22 September 2012 · Leave a Comment

[Editor: This poem by Edward Dyson was published in The Bulletin Reciter, 1901.]

A Big “Bust.”

The wildest bust I ever struck,” the lean old bushman said,
“Was run up by a gentleman they christened Heavy Ned.

“A s’perior sort o’ person — which they often is the worst —
With Gehenner and the Tropics planted in him fer a thirst.

“To try an’ quench that thirst by pourin’ liquor in his shirt
Was like a-irrigatin’ the Sahara with a squirt.

“He went out on a bust one time, an’ when the devils come
He scooted for the plain with ’arf a yard o’ Hogan’s rum.

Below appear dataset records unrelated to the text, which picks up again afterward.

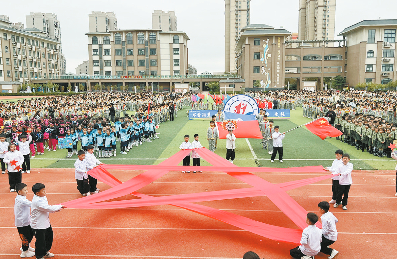 本报讯 10月9日,高新区新一街中学小学部操场上彩旗飘扬,鼓声阵阵,校第七届秋季田径运动会开幕(如图)。此次运动会以“燃情金秋,逐梦赛场”为主题,落实“五育并举”育人方针,践行“书香润慧,体艺润质”的办学理念。
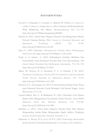 Faradila, Putri Wanda Yasmine (2024) KLASIFIKASI PENYAKIT KULIT MENGGUNAKAN ALGORITMA CONVOLUTIONAL NEURAL NETWORK ARSITEKTUR MOBILENET. Undergraduate thesis, UPN VETERAN JAWA TIMUR.
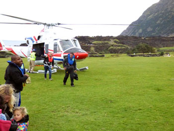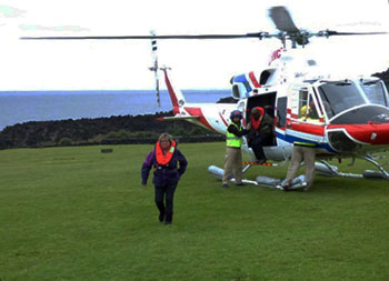Dawn's photos above show passengers safely Photo below shows a welcoming party for arriving passengers and right a load of passenger's luggage being lifted ashore by helicopter. |
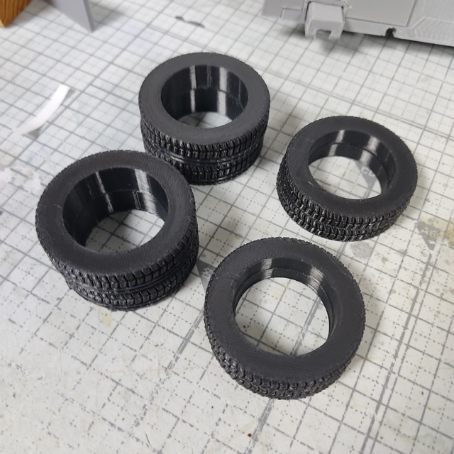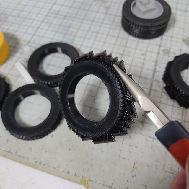 軽くバリ取りして4組のタイヤパーツの造形が完成しました。
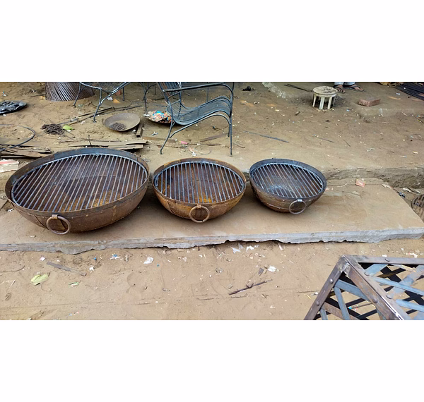 Enhance your culinary experience with this set of three Vintage Iron Kadai. Crafted with intricate jali design, these kadai are perfect for a variety of cooking needs.
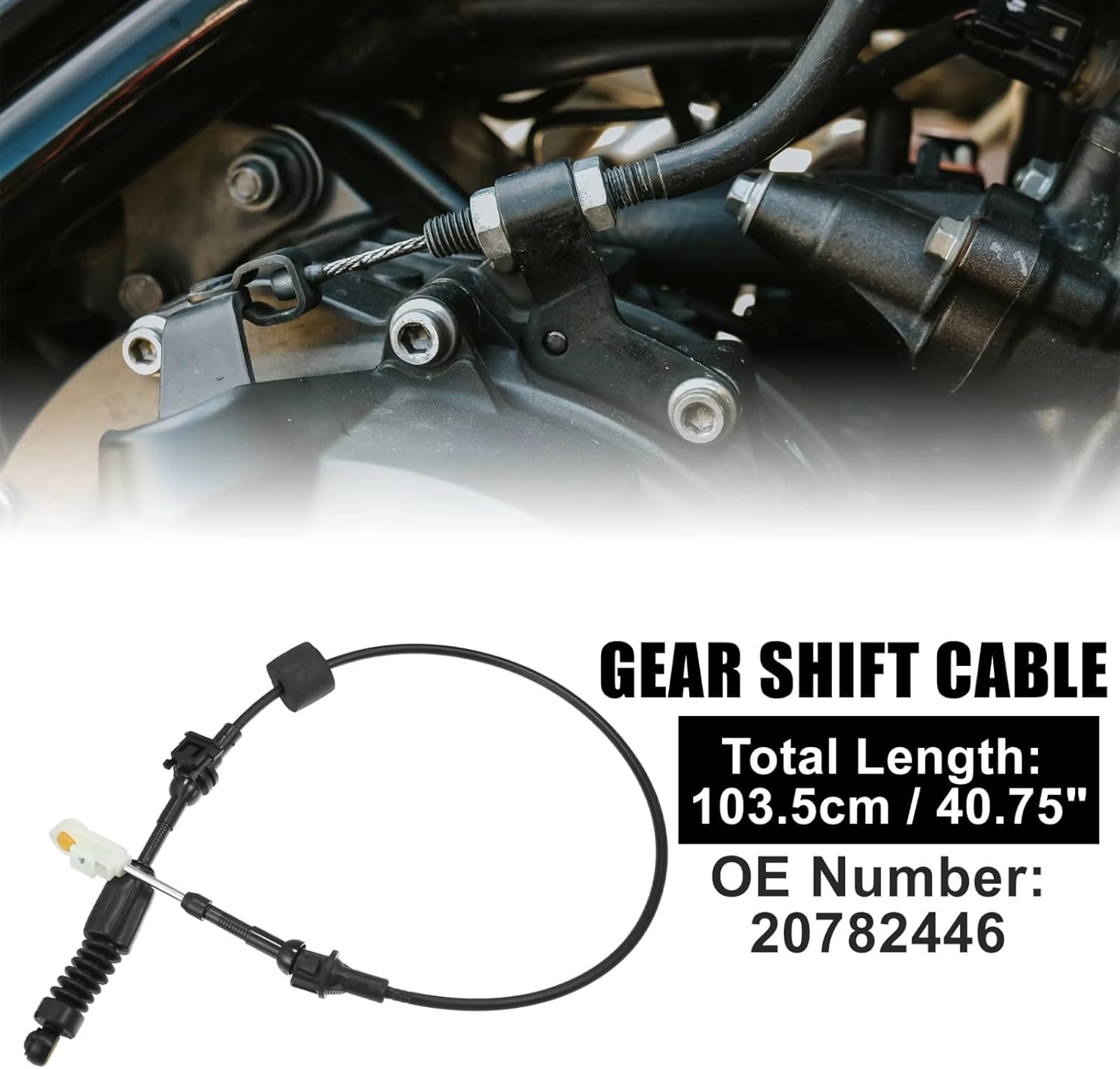 "Dear Customer: Hello! Welcome to purchase our car shift cable. If you have any questions, please to us, and we will answer them for you as soon as possible.Specification:Product name: Car Shift CablePart Number:20782446Total Length: 103.5cm / 40.75"Color: BlackPackage Included:1 x Car Gear Selector Cable"
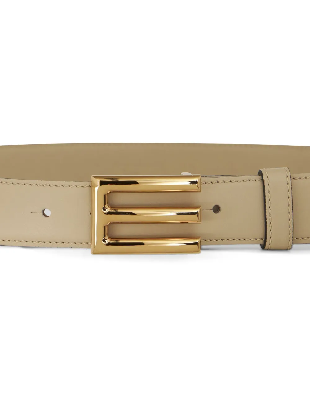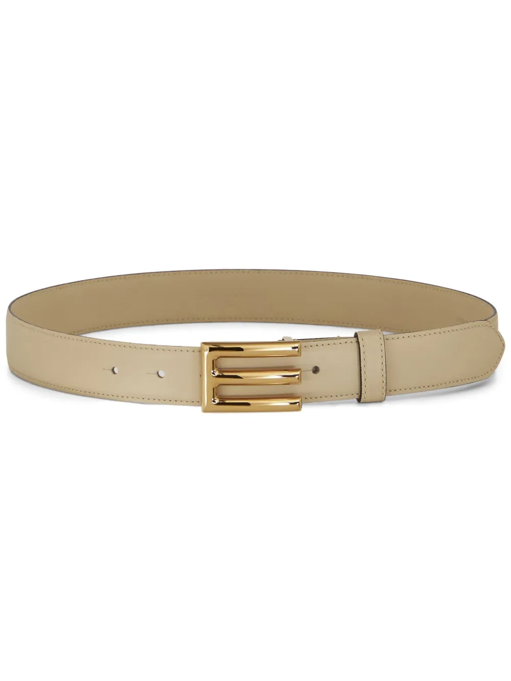 Hellbeige, Kalbsleder, goldfarbener Schnallenverschluss, Schnallenverschluss mit Logo, variable Passform.
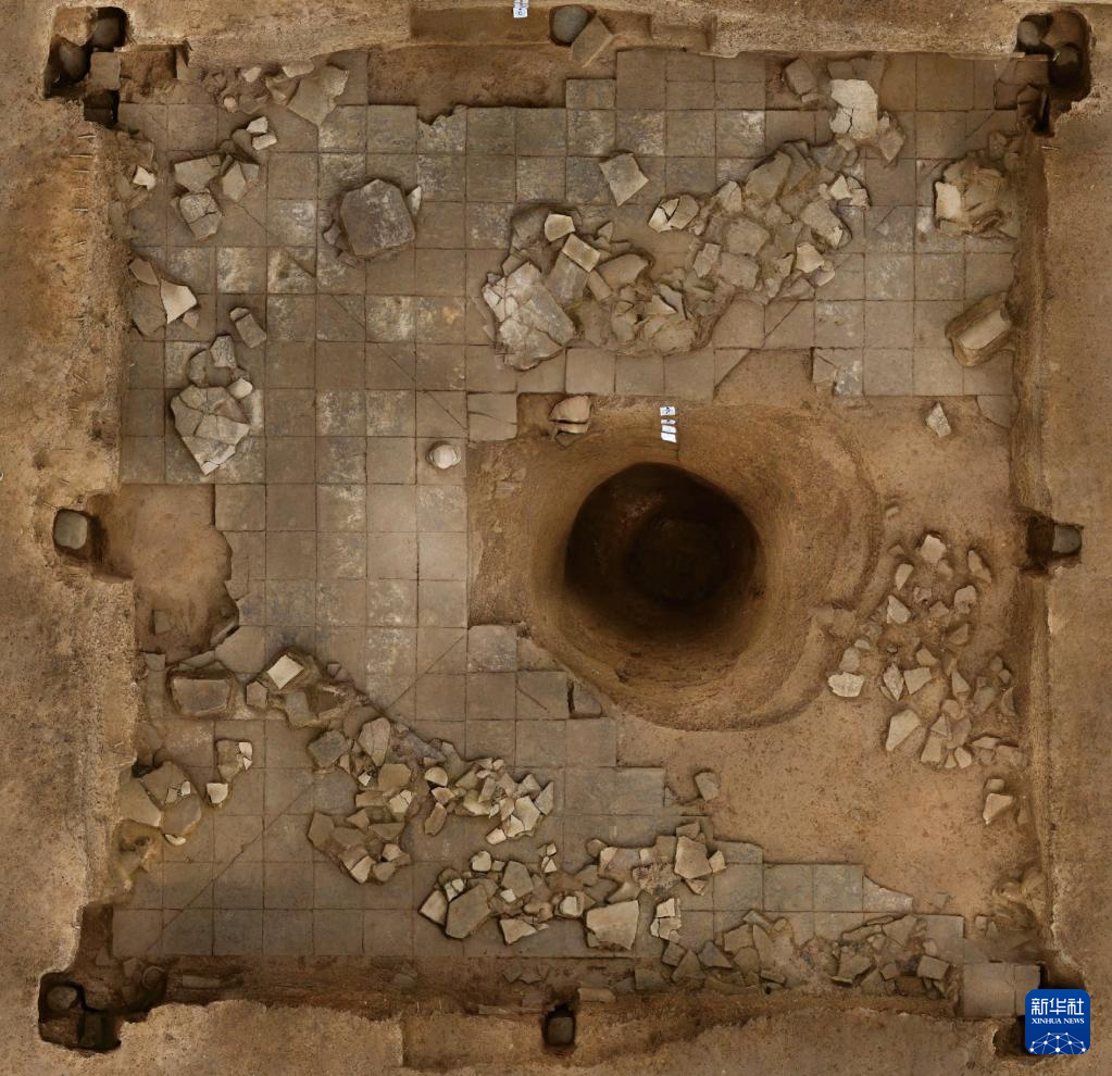 甘肃礼县四角坪遗址中心高台与附属建筑发掘全景(资料照片)。

“An’ there he held his jamboree for fourteen days, I swear,
An’ jim-jams swarmed from all the world like locusts in the air.

“It was a noble levee. In the middle of a ring
Ned sat in state, receivin’ of his jim-jams, like a king.”

“Two weeks?” a doubter murmured — “Why, he’d starve. What did he eat ?”
“He caught the fantods,” said old Jim, “an’ ate the beggars neat.”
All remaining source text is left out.